# Exercise objective
From the records below, transcribe exactly the lines that begin at the line with "Tavolo bar a" and end at the line with "Les presento a", both included.

# Source data

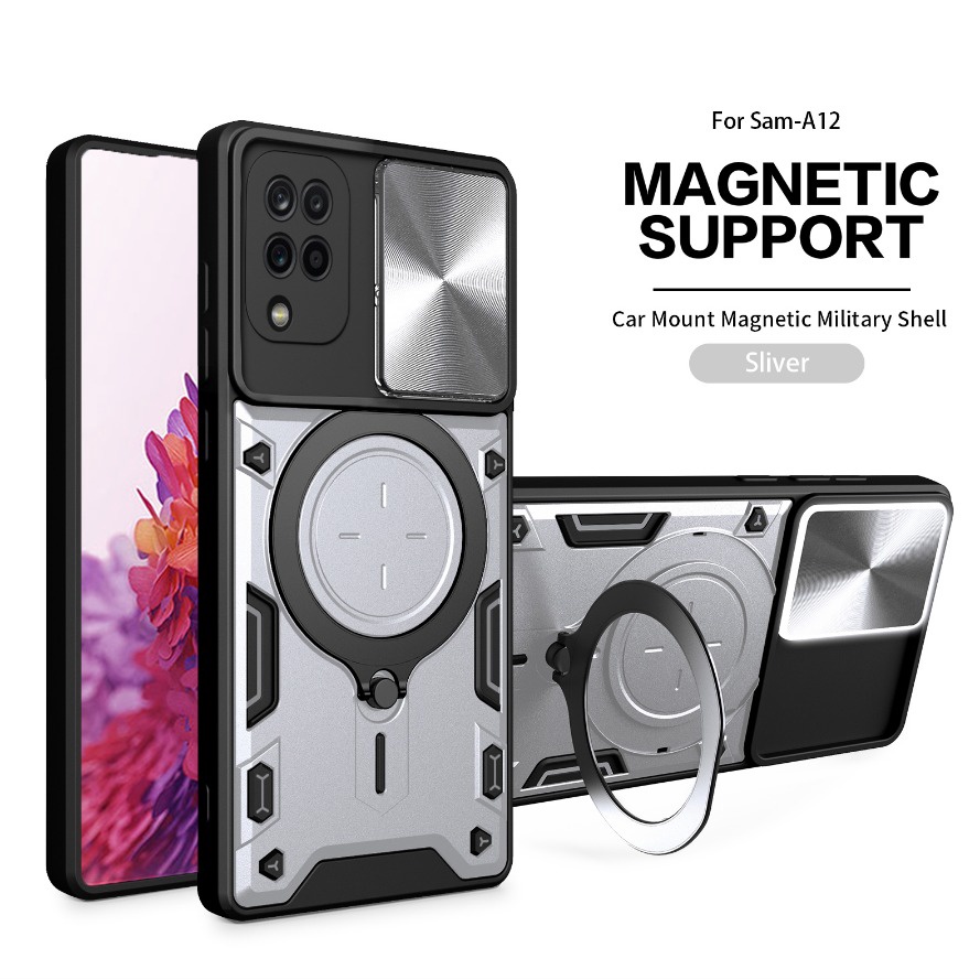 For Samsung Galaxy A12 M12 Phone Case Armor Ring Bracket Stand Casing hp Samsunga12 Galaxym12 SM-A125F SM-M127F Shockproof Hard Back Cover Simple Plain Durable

--

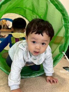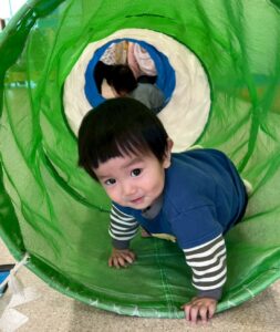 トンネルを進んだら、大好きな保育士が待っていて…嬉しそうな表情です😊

--

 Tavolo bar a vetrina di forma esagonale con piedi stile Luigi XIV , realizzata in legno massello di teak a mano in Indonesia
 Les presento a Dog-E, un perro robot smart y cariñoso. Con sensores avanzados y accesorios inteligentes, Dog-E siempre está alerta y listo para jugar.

# Written response
 Tavolo bar a vetrina di forma esagonale con piedi stile Luigi XIV , realizzata in legno massello di teak a mano in Indonesia
 Les presento a Dog-E, un perro robot smart y cariñoso. Con sensores avanzados y accesorios inteligentes, Dog-E siempre está alerta y listo para jugar.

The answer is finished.